É diferente do resedá-amarelo (Galphimia brasiliensis), mais rústico, também chamado de quaró. O resedá-amarelo é uma planta usada magicamente nas religiões afro-brasileiras. Resiste às condições mais duras, aguenta secas longas e chuvas intensas. Ao contrário dos resedás que vemos florindo as calçadas, e que não resistem tão bem a geadas, o resedá-amarelo distrai-se com qualquer condição atmosférica. Usando-o para banhos, auxilia quem enfrenta adversidades persistentes na vida, e delas precisa reerguer-se. O resedá-amarelo é também uma "tintureira", usada desde a Idade Média para dar cor aos tapetes.

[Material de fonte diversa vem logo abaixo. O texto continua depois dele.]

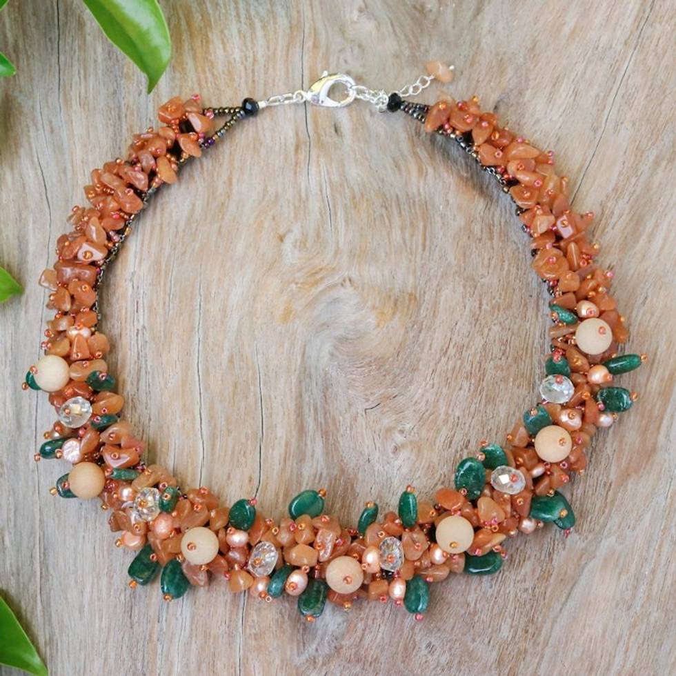 Handcrafted Multi-Gemstone Orange Beaded Necklace 'Orange Paradise' Item ID: 2671797258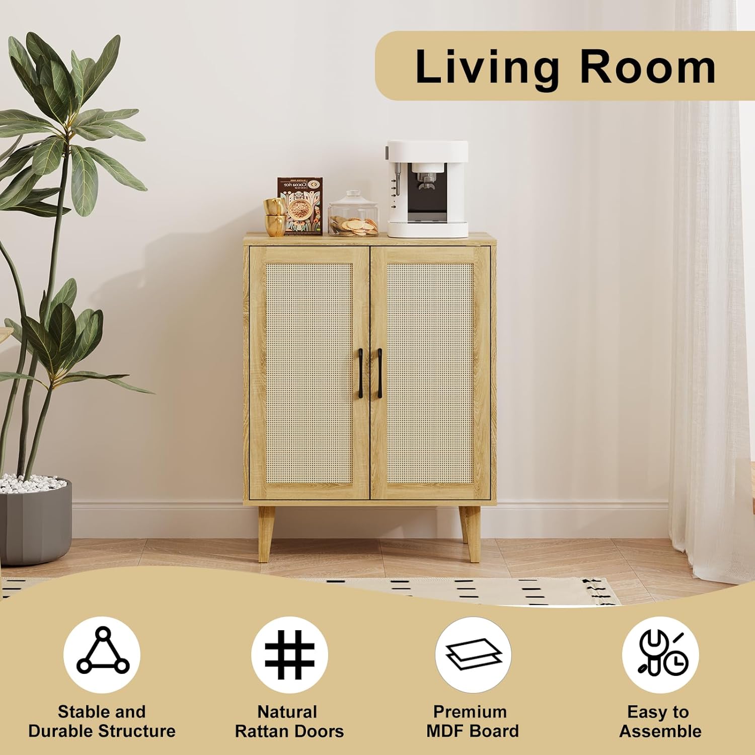 Rattan Decorated Buffet Cabinet - 2 Doors Simple Style Storage Cabinet, Shoe Cabinet with Adjustable Shelves, Sideboard for Kitchen, Living Room, Hallway, Entryway (Natural Wood)

É por isso uma planta que se impõe sobre o que está na base - e também essa qualidade, de tingir e modificar a cor dos elementos presentes, nos influencia quando a manipulamos. O resedá-amarelo acalma, tranquiliza e ajuda nos processos de reerguida. Para estarmos e sermos aquilo que podemos e queremos e devemos. E continuar à procura de palavras que despertem nossos sentidos para as coisas que, por serem verdade, valem as penas.